#### [Exercise data]
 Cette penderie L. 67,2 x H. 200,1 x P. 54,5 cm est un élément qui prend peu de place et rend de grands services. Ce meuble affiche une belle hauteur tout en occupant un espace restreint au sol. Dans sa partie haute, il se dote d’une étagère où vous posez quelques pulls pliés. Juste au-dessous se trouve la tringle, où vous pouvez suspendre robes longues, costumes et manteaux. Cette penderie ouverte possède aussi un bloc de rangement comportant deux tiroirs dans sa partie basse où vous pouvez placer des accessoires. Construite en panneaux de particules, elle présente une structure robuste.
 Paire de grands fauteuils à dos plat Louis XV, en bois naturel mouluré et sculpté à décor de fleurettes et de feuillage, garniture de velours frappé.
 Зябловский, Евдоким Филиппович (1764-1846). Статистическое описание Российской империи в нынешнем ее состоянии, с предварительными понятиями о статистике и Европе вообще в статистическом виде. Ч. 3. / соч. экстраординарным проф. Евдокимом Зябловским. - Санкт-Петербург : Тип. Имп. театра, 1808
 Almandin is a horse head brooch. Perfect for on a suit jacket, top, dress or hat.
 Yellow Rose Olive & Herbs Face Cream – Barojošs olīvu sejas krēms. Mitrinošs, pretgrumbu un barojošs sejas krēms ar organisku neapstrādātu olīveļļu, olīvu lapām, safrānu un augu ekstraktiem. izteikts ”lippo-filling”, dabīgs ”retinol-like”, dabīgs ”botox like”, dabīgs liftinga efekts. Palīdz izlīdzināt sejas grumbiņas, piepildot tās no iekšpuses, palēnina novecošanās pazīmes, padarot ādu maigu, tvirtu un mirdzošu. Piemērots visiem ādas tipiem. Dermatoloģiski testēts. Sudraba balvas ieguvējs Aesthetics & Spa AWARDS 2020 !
--
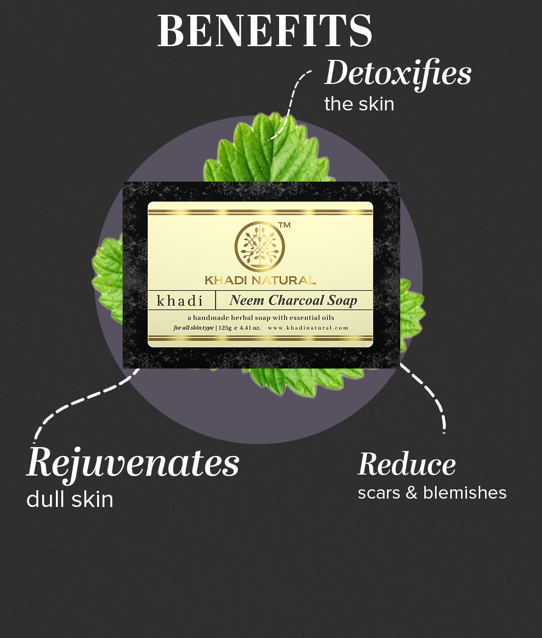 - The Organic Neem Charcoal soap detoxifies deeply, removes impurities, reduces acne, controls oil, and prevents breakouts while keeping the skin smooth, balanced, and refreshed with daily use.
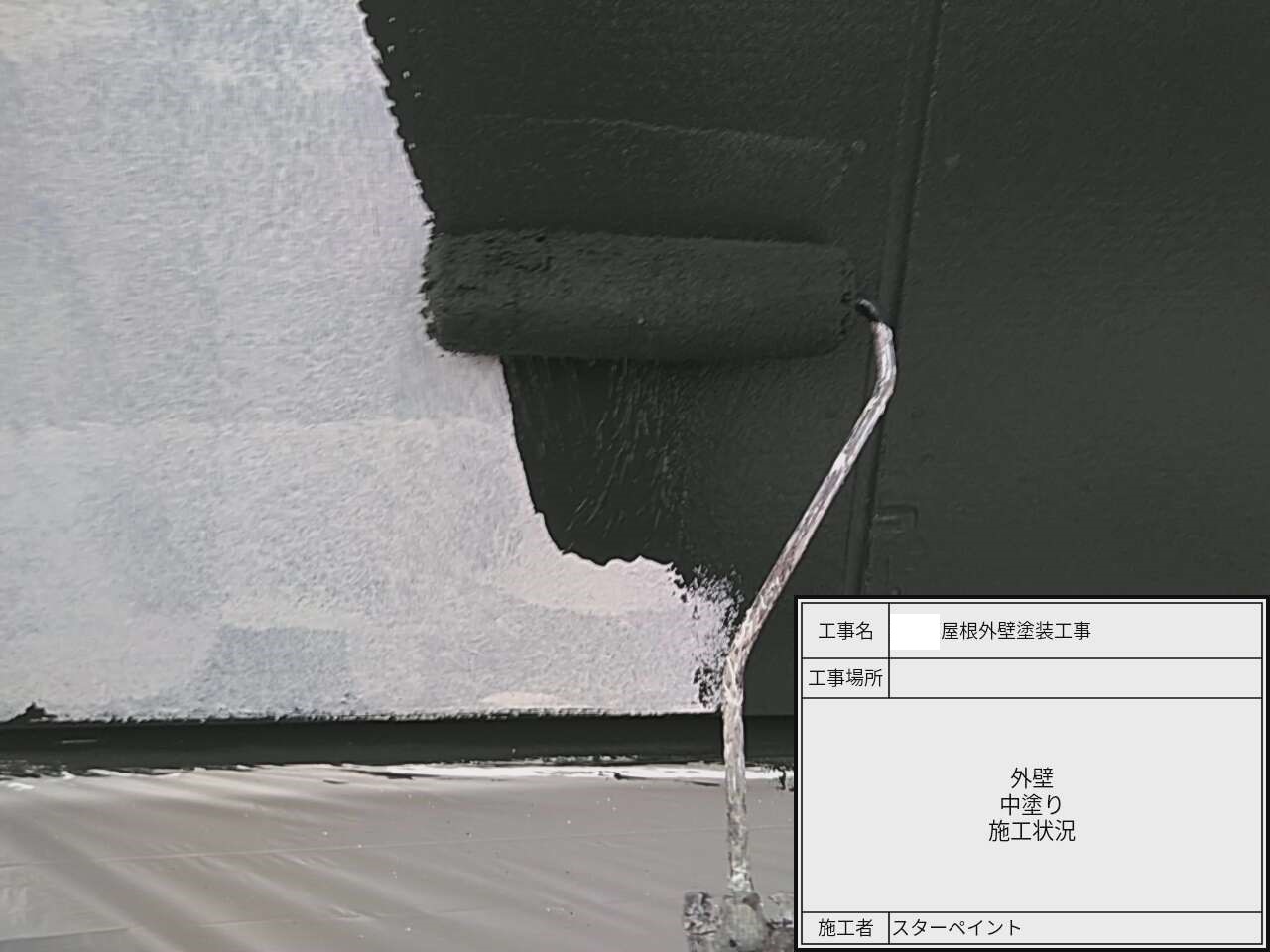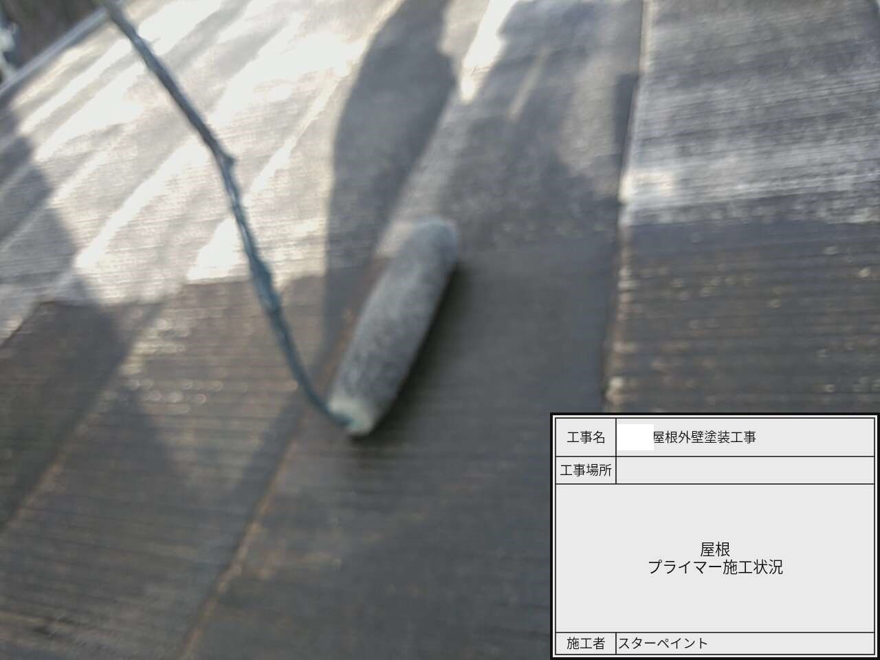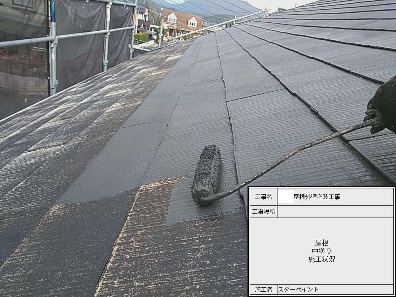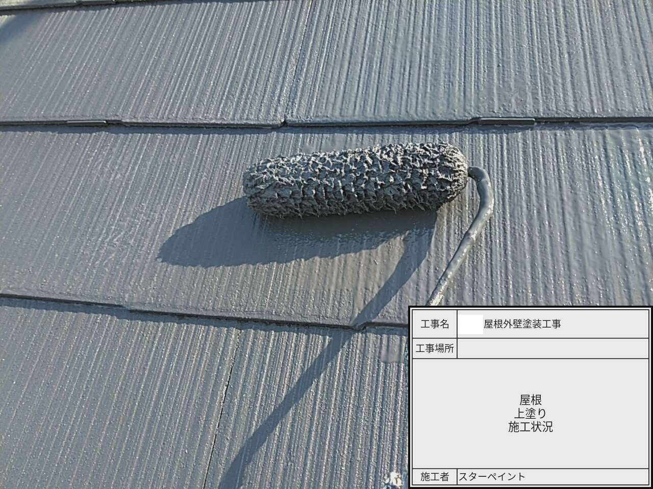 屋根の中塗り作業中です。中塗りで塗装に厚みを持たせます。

#### [What you have to do]
Only one stretch of the entries above is wanted: the lines from the one containing "Зябловский, Евдоким Филиппович" through the one containing "Almandin is a". Please reproduce it exactly.

#### [Exercise output]
 Зябловский, Евдоким Филиппович (1764-1846). Статистическое описание Российской империи в нынешнем ее состоянии, с предварительными понятиями о статистике и Европе вообще в статистическом виде. Ч. 3. / соч. экстраординарным проф. Евдокимом Зябловским. - Санкт-Петербург : Тип. Имп. театра, 1808
 Almandin is a horse head brooch. Perfect for on a suit jacket, top, dress or hat.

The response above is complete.